August 24, 2022

Embarking on a complete overhaul of your lifestyle, whether you are doing it to manage a health condition such as diabetes or for another reason, is pretty overwhelming. Changes and new habits can take a while to adjust to, meaning they may unravel when you are under pressure or when things go awry. Here are a few practical tips on making your new healthy habits for diabetes or health management stick. 


  • Make gradual changes. This is a lot easier than going cold turkey. Creating lifestyle changes one step at a time is more sustainable in the longer term. For example, start exercising for just 10 minutes a day or switch from soda or juice to water.
  • Plan ahead. Getting caught out without the right foods at hand can lead to making poor eating choices. When we plan ahead what we will eat for the week or when we are away from home, our choices will usually turn out to be healthier and also, as a bonus, cheaper!
  • Share the load. This could be as simple as taking turns cooking, preparing meals ahead of time or having an accountability buddy. Having others you can share the load with means an abundance of moral, emotional and physical support, meaning you are less likely to give up. 
  • Make exercise fun! This will increase the likelihood of you keeping it up. Take a look around your neighbourhood for community classes or group activities that may help you make more permanent exercise changes. For example, organised sports groups, walking groups, or dance classes.
  • Seek out support. For those new to diabetes or just new to managing dietary intake and exercise, making these important lifestyle changes can be a little daunting. Looking out for diabetes management or weight loss programmes run by medical professionals in your area is a great start, or you could ask whānau, friends and your workplace to support you on your journey. 

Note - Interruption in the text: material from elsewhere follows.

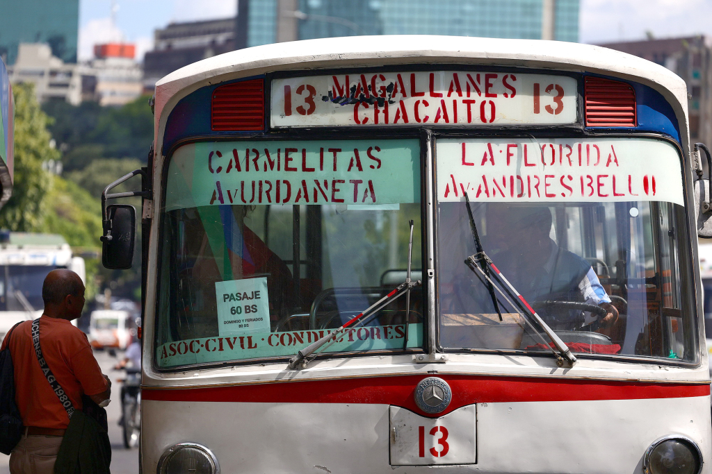 1月5日,委内瑞拉加拉加斯,一名男子在等候公共交通。视觉中国 图

  • Take time out.Don’t be afraid to take some time for yourself. Having diabetes means lifelong adjustments, and it will take some time for all of it to become the ‘new normal’. 

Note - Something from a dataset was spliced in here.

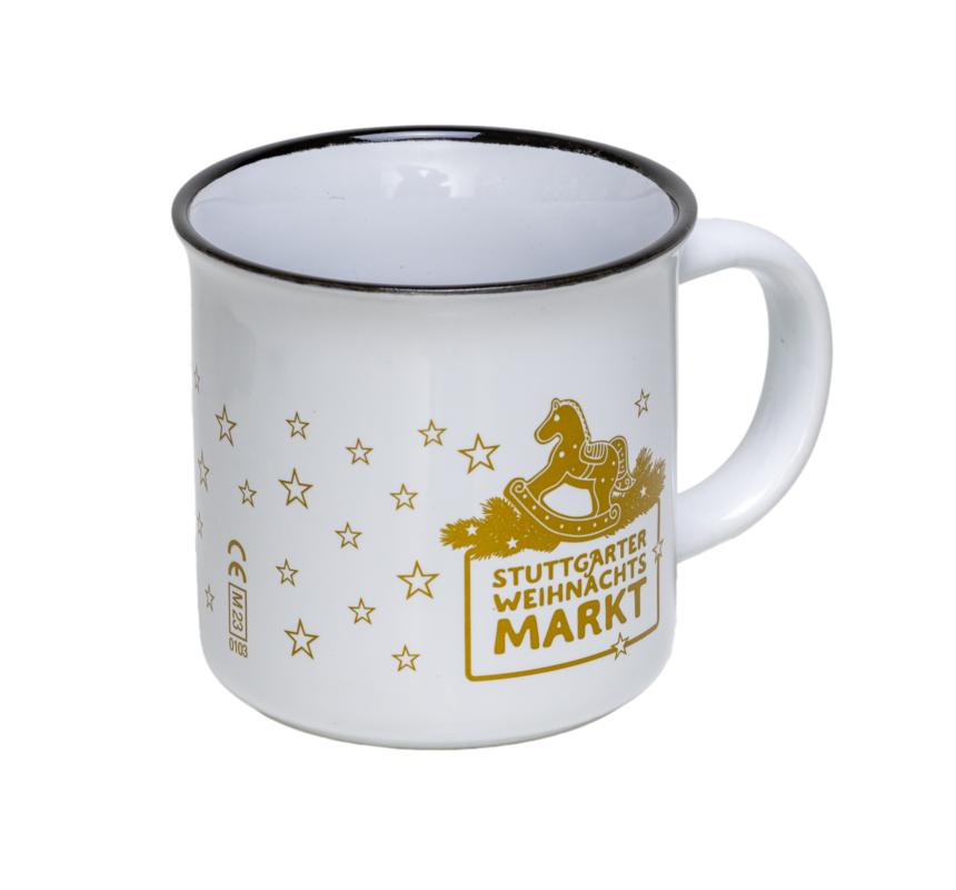 Vintage Keramiktasse weiß mit schwarzem Rand Aktuelles neues Logo des Stuttgarter Weihnachtsmarktes

  • Talk to others. Sharing your thoughts, feelings, and what you are going through with other people who have diabetes can provide valuable insight and help with feelings of isolation. This could mean joining a diabetes support group in your area or getting in touch with distant family or friends of friends.
  • Don’t be too hard on yourself. Learning all the skills required to manage your diabetes will take time. It is completely normal to make mistakes and to experience highs and lows. Just stake it one step at a time. Keep in mind counselling could be a good idea if you are really struggling.